= Exercise requirements =
Only the lines from the start of the data below through the line that contains "esta tabla es" are to be copied, exactly and without pictures.
---- Recorded data
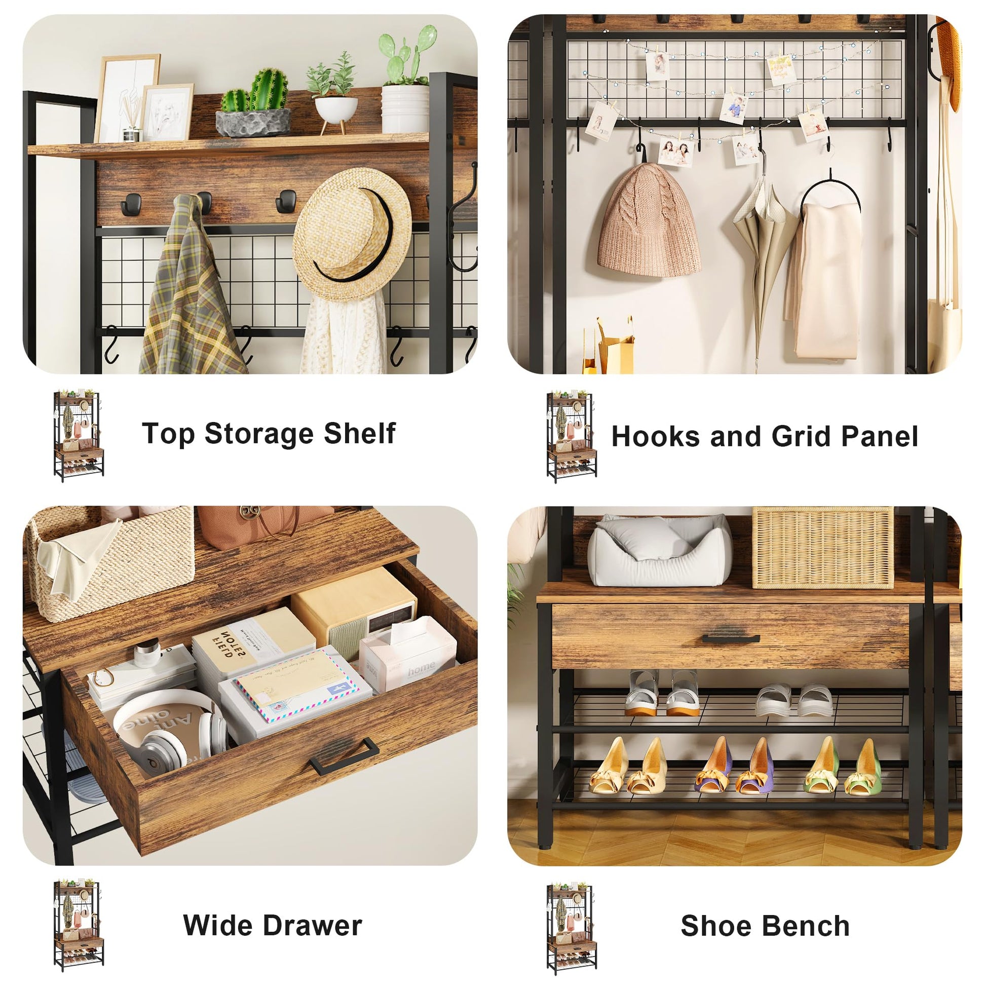 This 5-in-1 hallway coat rack is perfect, it combines a shoe rack, top storage rack and coat rack hooks, storage bench, drawers, etc. The 2-tier grid rack can hold shoes (4-6 pairs), the top shelf can hold hats or plants, photos, key and umbrella hooks, magazines or socks drawers, it is very convenient to put items when guests visit.
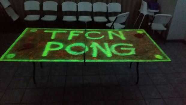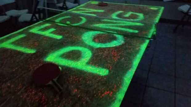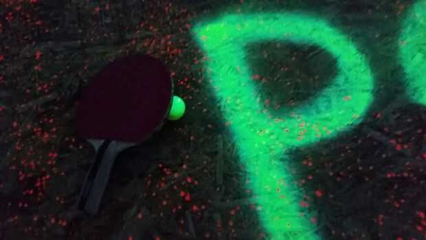 esta tabla es una tentativa en la fabricación de mesa de ping pong mejor, tocando la oscuridad. Con una luz negra, pintura fluorescente, una hoja de madera contrachapada y una red se puede hacer una gran mesa mira.
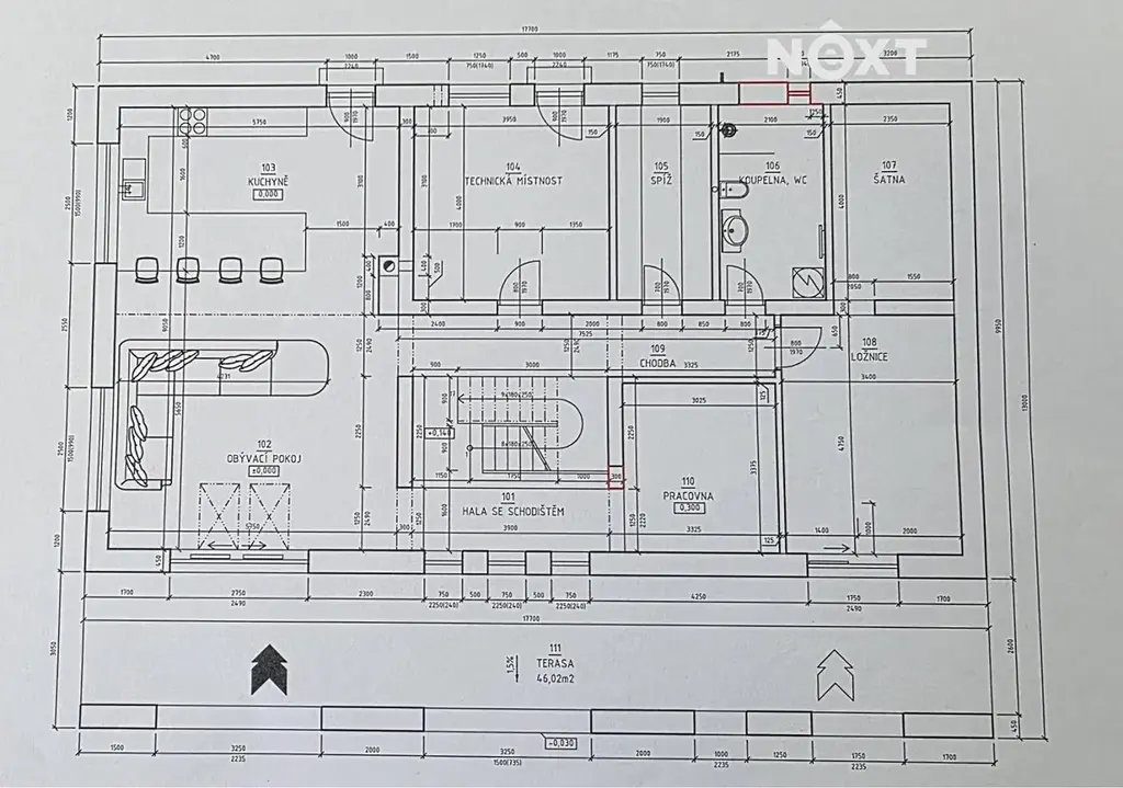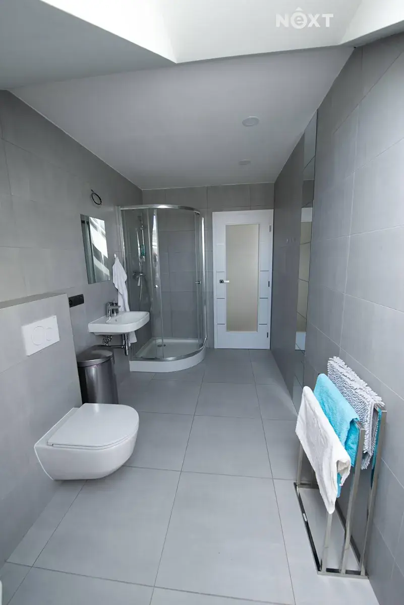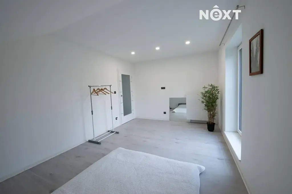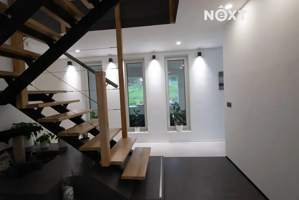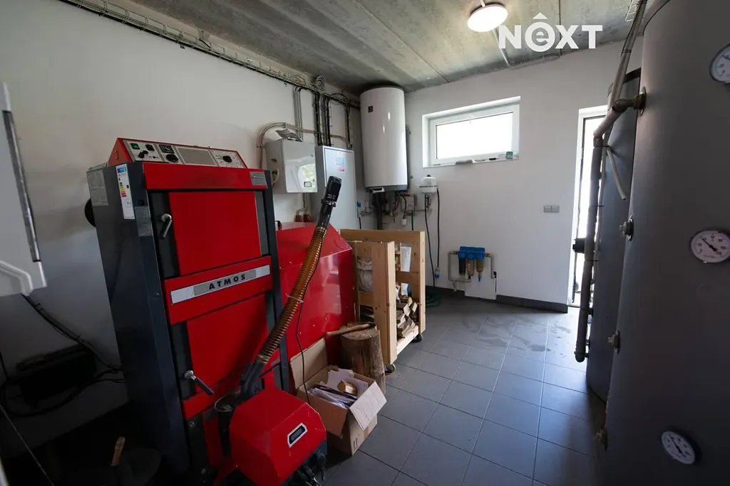 Vpravo od schodiště se nachází chodba vedoucí do otevřené pracovny s dostatkem zásuvek pro IT vybavení. Na levé straně je technická místnost s kombinovaným kotlem na dřevo a pelety (ATMOS), doplněná o dvě akumulační nádrže o objemu 2 m³. Tato místnost má navíc samostatný vstup z exteriéru. Dále zde najdete prostornou komoru s úložným prostorem, koupelnu a velkou ložnici se vstupem na verandu a do šatny vybavené vestavěnými skříněmi.
--------
= Exercise response =
 This 5-in-1 hallway coat rack is perfect, it combines a shoe rack, top storage rack and coat rack hooks, storage bench, drawers, etc. The 2-tier grid rack can hold shoes (4-6 pairs), the top shelf can hold hats or plants, photos, key and umbrella hooks, magazines or socks drawers, it is very convenient to put items when guests visit.
 esta tabla es una tentativa en la fabricación de mesa de ping pong mejor, tocando la oscuridad. Con una luz negra, pintura fluorescente, una hoja de madera contrachapada y una red se puede hacer una gran mesa mira.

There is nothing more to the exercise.